It also should be noted which companies do not have to sign a license. Implementation providers (companies providing chipsets, board assemblies other than to end users, firmware code, software development kits, reference design hardware, and similar non-end-user products) are not required to execute a license. Users of end-user products (not limited to consumers), such as broadcasters, cable service providers, Internet service providers, and any other entity who only utilizes an MPEG-4 AVC-enabled product and does not replicate content or manufacture and/or distribute products containing MPEG-4 AVC technology, are also not required to execute a license. On the “who has to sign” side of things, companies engaged in the manufacturing of end-user products, replicating (for physical media), and those companies conducting transactions (for non-physical distribution) with regard to content that is subject to the replication fees, have to execute licenses.

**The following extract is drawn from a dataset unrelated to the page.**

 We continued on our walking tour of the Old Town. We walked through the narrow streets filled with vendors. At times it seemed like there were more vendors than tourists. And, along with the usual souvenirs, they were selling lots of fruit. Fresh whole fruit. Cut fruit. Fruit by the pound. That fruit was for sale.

The proposed license structure includes an initial license fee payment of USD 15,000, which will not be deducted from any royalty payments in the future. For companies with less than USD 2,000,000 per year in revenues, there are hardship terms available.

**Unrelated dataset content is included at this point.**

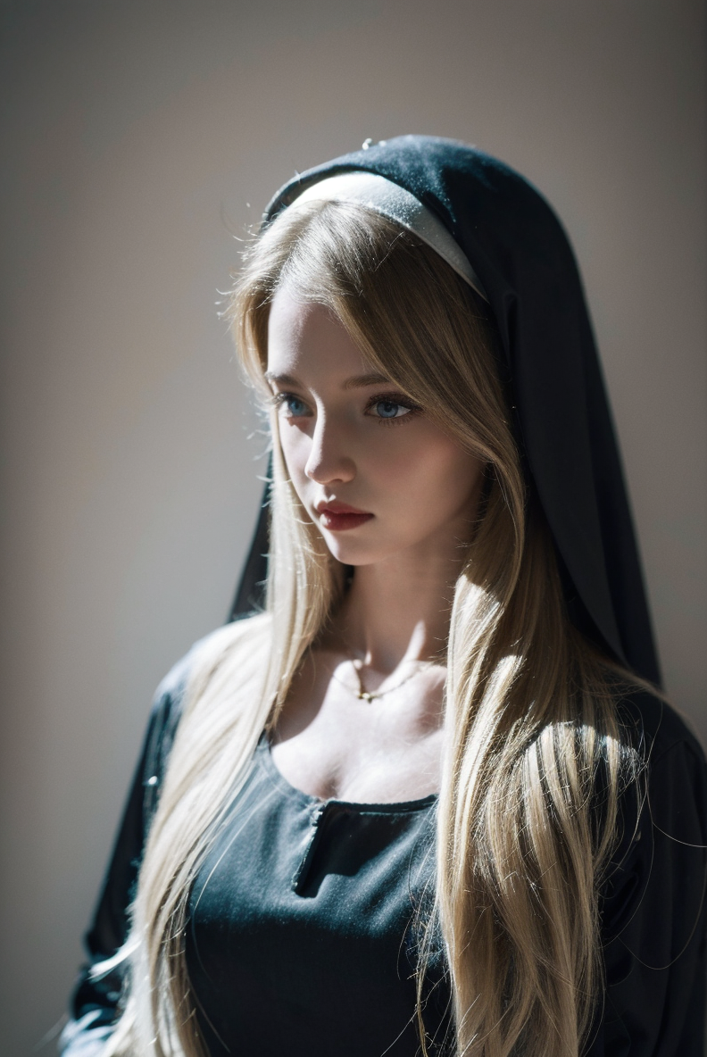 1girl, upper body, long hair, flow, Nun Viel, abstract, negative space, Light Blonde, heterochromia, (ink sketch,) Lovely girl, Goth girl, Best quality, masterpiece, <lora:MoosMST1:1> <lora:Mira-02:1>
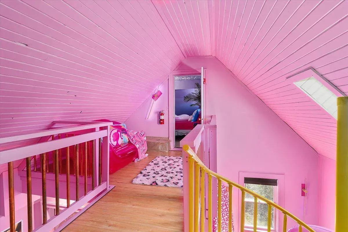 Welcome to the playful loft area! The vibrant pink walls really give it a fun vibe, and there’s enough space to hang out or let your creativity shine. Plus, the spiral staircase adds a great touch!

Also, there is a so-called “Threshold Royalty Free Program,” which is designed for companies that manufacture and/or distribute less than 50,000 devices/products per year (that would be subject to the payment of royalties) and who, in this context, generate less than USD 500,000 of annual revenues from the combination of the aforementioned distributed devices/products and revenues generated through the sale/rent of content (that is subject to replication fees). For companies that would qualify under these provisions, no initial fee nor payment of royalties for devices/products or replication fees apply. Although this program does not require specific product or revenue reports, it may require an annual certification to verify that the use remained under the stipulated limits. In addition, companies participating in this program need to notify the administrator when these limits are being exceeded.

In addition, there are two categories of royalties—the first one is for encoders/decoders and the second for what is referred to as replications.

Encoder/Decoder Royalties

Encoder/Decoder, permanent end-user product—The royalty fee amounts to USD 0.25 per licensed product. The number of encoders and/or decoders with any single product is not limited, provided that they are not purchased separately. A permanent end-user product is defined as being able to decode content or use the decoder for not more than 20 decodes and/or 30 days after the first use.

Decoder, temporary end-user product—The royalty fee amounts to USD 0.0025 per licensed product. A temporary decoder is defined as being provided with content and intended to solely support decoding of that particular content. The temporary decoder must cease to function after not more than 20 decodes and not more than 30 days after the first use of the decoder.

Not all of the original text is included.